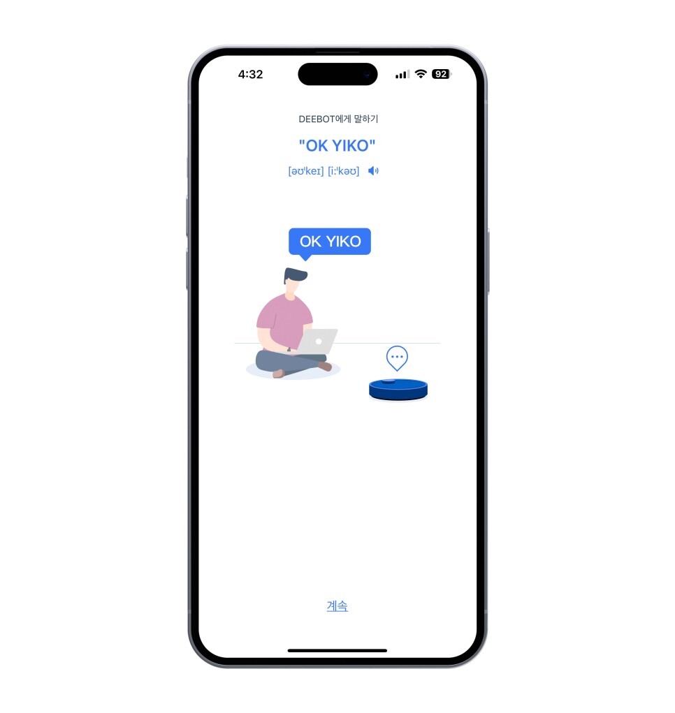 앱을 설치하면 로봇청소기와 상호작용이 가능한 솔루션으로 음성 명령 등으로 청소를 시작할 수 있습니다.
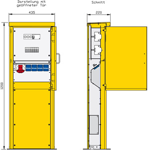 Verteilerschrank 436kVA mit RCD Typ B, 2 LS, 1 CEE-Abgang 32A, einer S
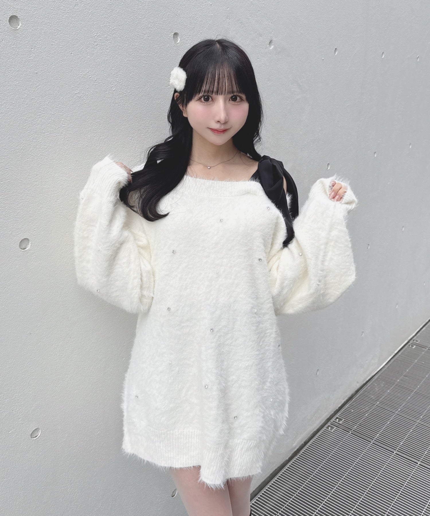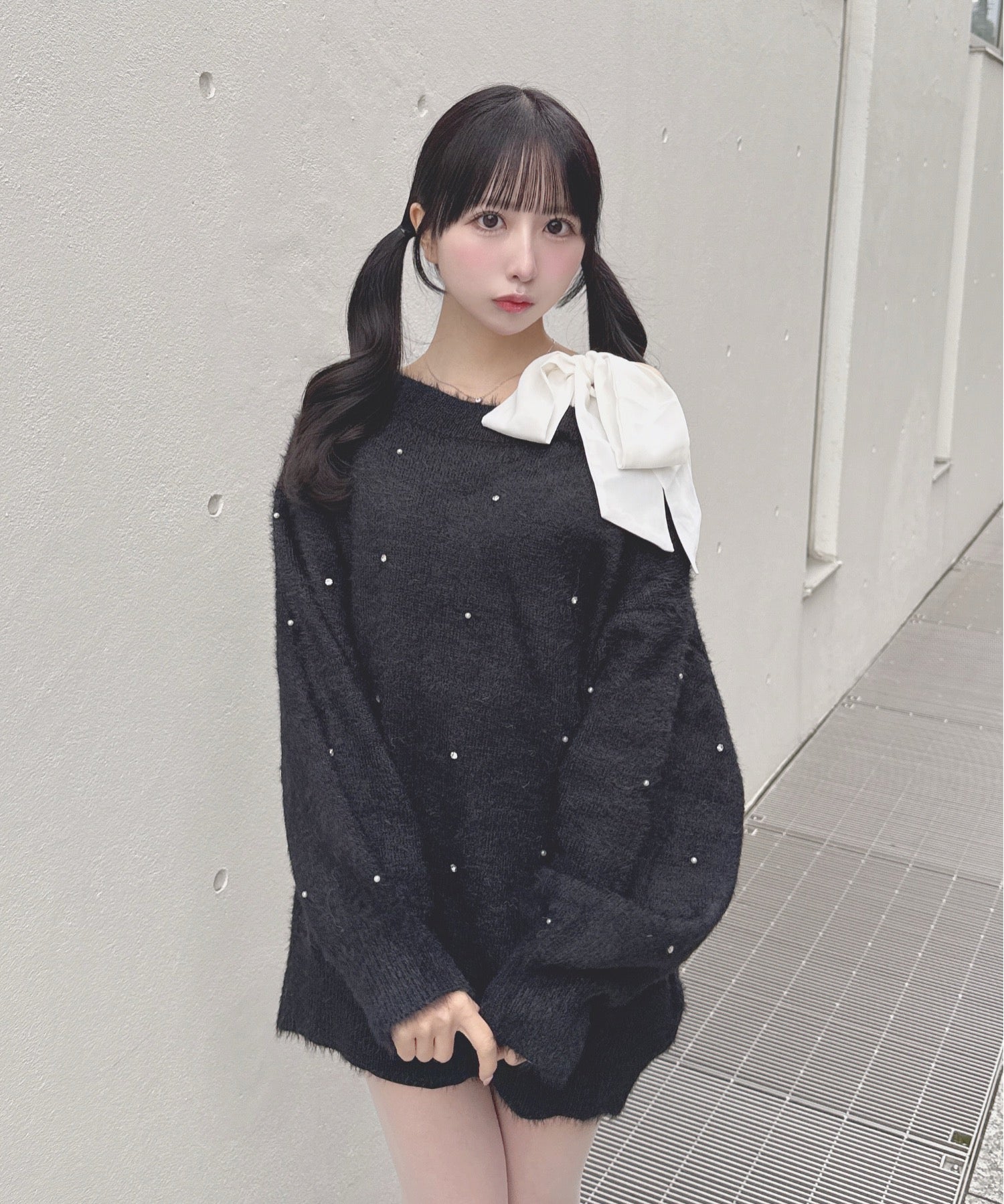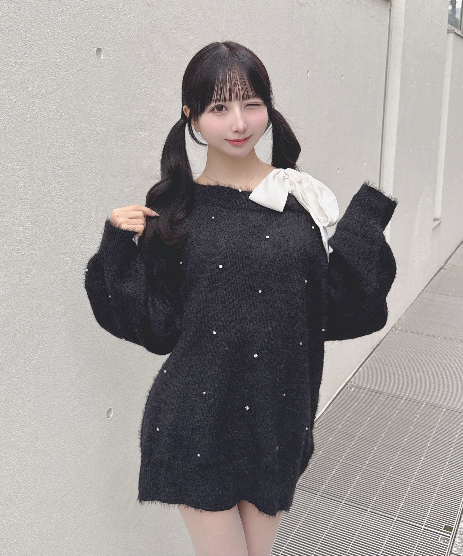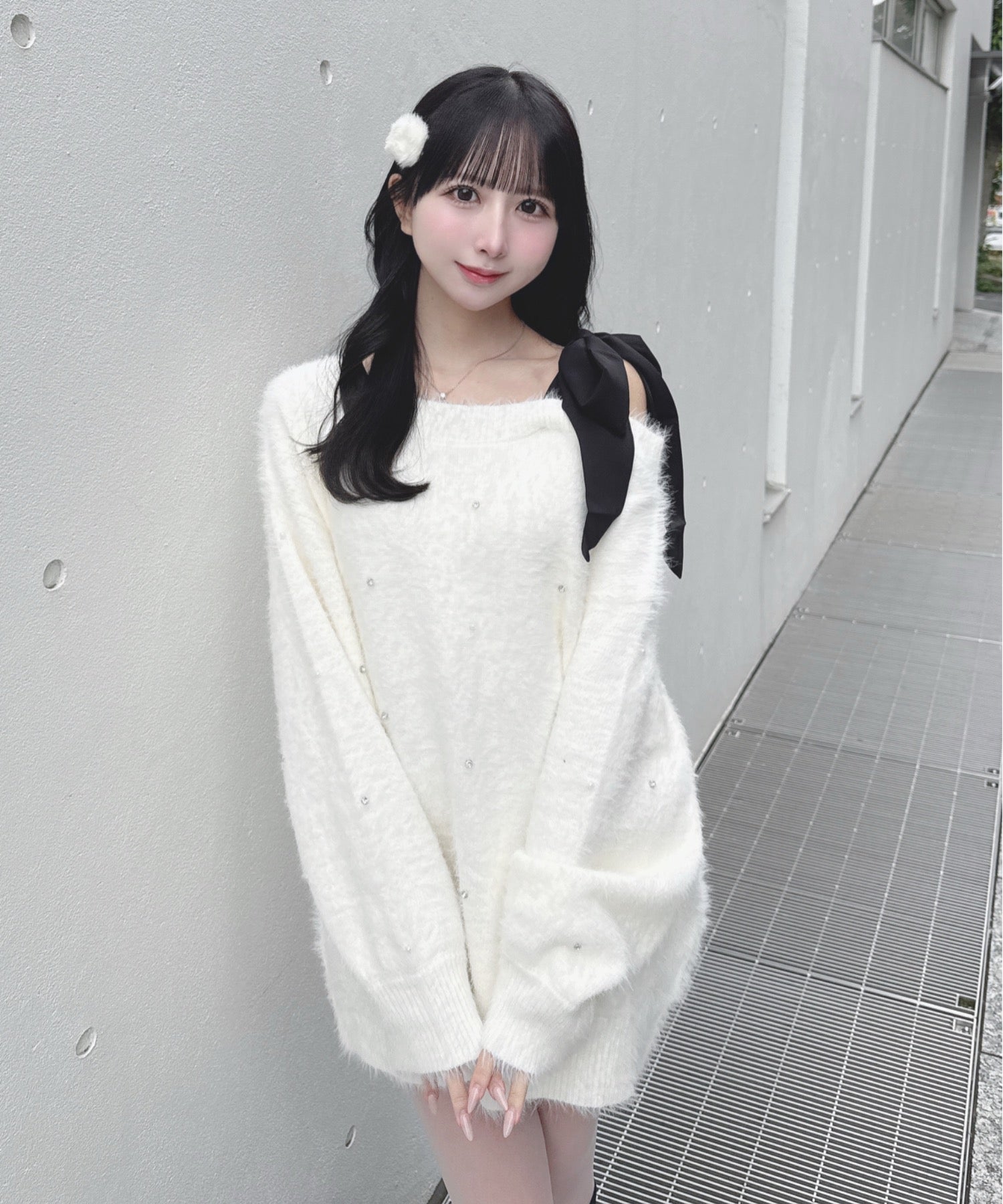 【予約商品 12月下旬発送】ビジュー肩リボンニット

· · ·

[What you are asked to do]
In the data above, the line containing "Verteilerschrank 436kVA mit" and all lines after it are to be reproduced exactly, leaving out the pictures.

[Written reply]
 Verteilerschrank 436kVA mit RCD Typ B, 2 LS, 1 CEE-Abgang 32A, einer S
 【予約商品 12月下旬発送】ビジュー肩リボンニット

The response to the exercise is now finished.